Order of disposition, Family Court, Bronx County (Robert R. Reed, J.), entered on or about October 30, 2009, which adjudicated appellant a juvenile delinquent upon a fact-finding determination that he committed acts, which, if committed by an adult, would constitute the crimes of attempted robbery in the second and third degrees, attempted grand larceny in the fourth degree and jostling, and imposed a conditional discharge for a period of up to 12 months, affirmed, without costs.
The court’s finding was based on legally sufficient evidence and was not against the weight of the evidence (see People v Danielson, 9 NY3d 342, 348-349 [2007]). There is no basis for disturbing the court’s determinations concerning identification and credibility. The victim’s observations of appellant during the incident, as well as on other occasions, were sufficient to support the conclusion that the victim was able to make a reliable identification of appellant as the person who attempted to take his cell phone.

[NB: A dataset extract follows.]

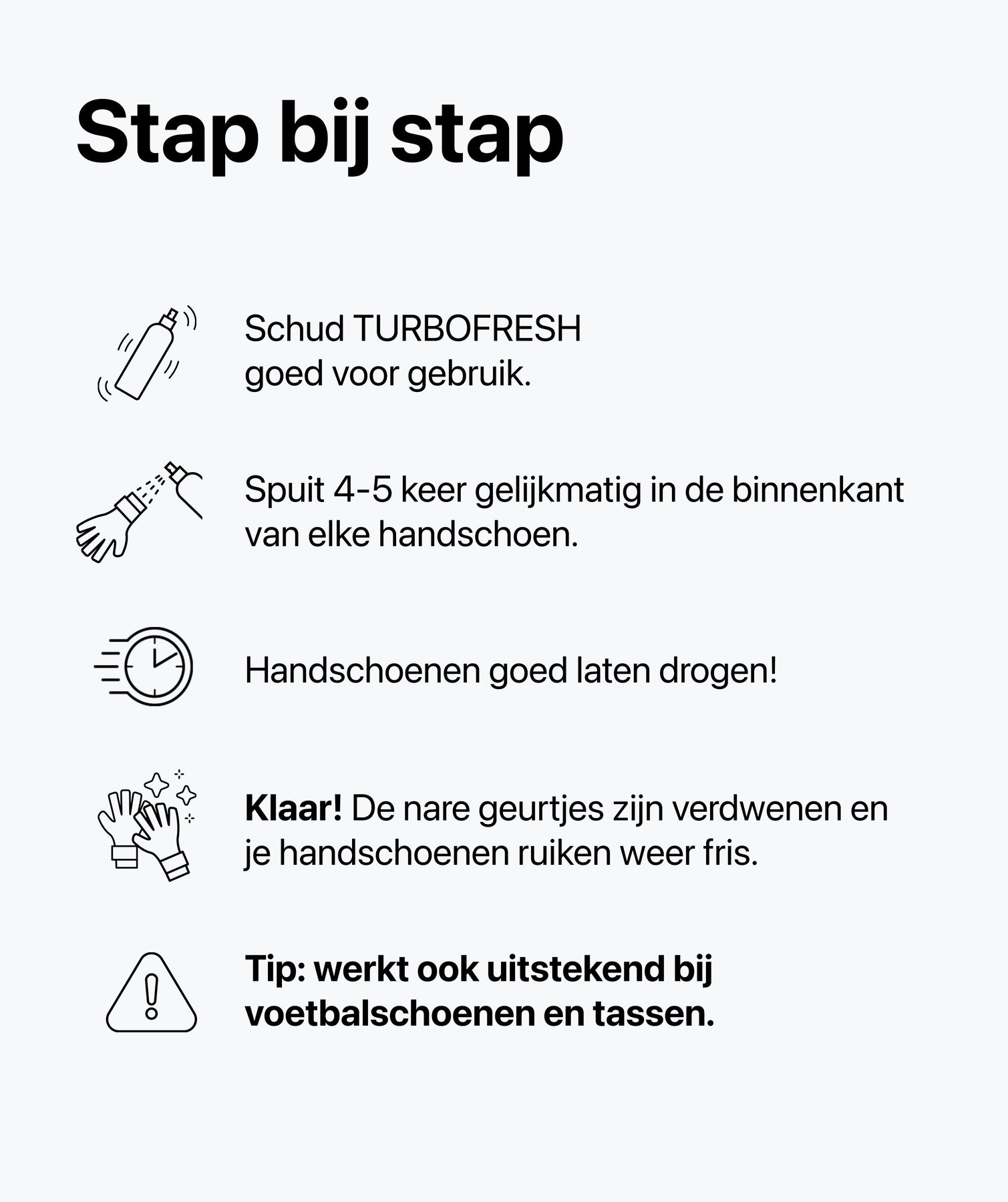 Maak je handschoenen na elke sportactiviteit eerst schoon met TURBOCLEAN, schud daarna TURBOFRESH goed. Spray 4–5 keer gelijkmatig aan de binnenkant van elke handschoen en laat goed drogen – klaar! De nare geurtjes verdwijnen en je gloves ruiken weer heerlijk fris.

The evidence on which the finding is based shows that, on the day of the incident, the victim saw appellant staring at him as *469the victim took his cell phone out of his pocket in the school lunchroom. The victim then left the school. When he was about a block away from the school, appellant and two other young men approached him from behind and pushed him to the ground. Appellant began searching the victim’s pockets, demanding to know where the cell phone was. Appellant and his companions ran off when friends of the victim approached.
Contrary to the dissent, we do not believe that the offense appellant was found to have committed — an act for which he has expressed no remorse — was “the sort of minor first offense” for which an adjournment in contemplation of dismissal (ACD) would be appropriate. The inference from the record is inescapable that appellant’s act involved premeditation, planning and concerted action with confederates. In any event, as the dissent acknowledges, the propriety of an ACD is a point appellant failed to preserve, as no request for such disposition was made before the finding of delinquency. We note that the dissent’s quotation of the trial judge’s reasoning for rejecting the presentment agency’s request for 18 months’ probation does not demonstrate that an ACD was warranted here.
Appellant’s remaining contentions are unpreserved and we decline to review them in the interest of justice. Concur — Saxe, J.P., Friedman and Román, JJ.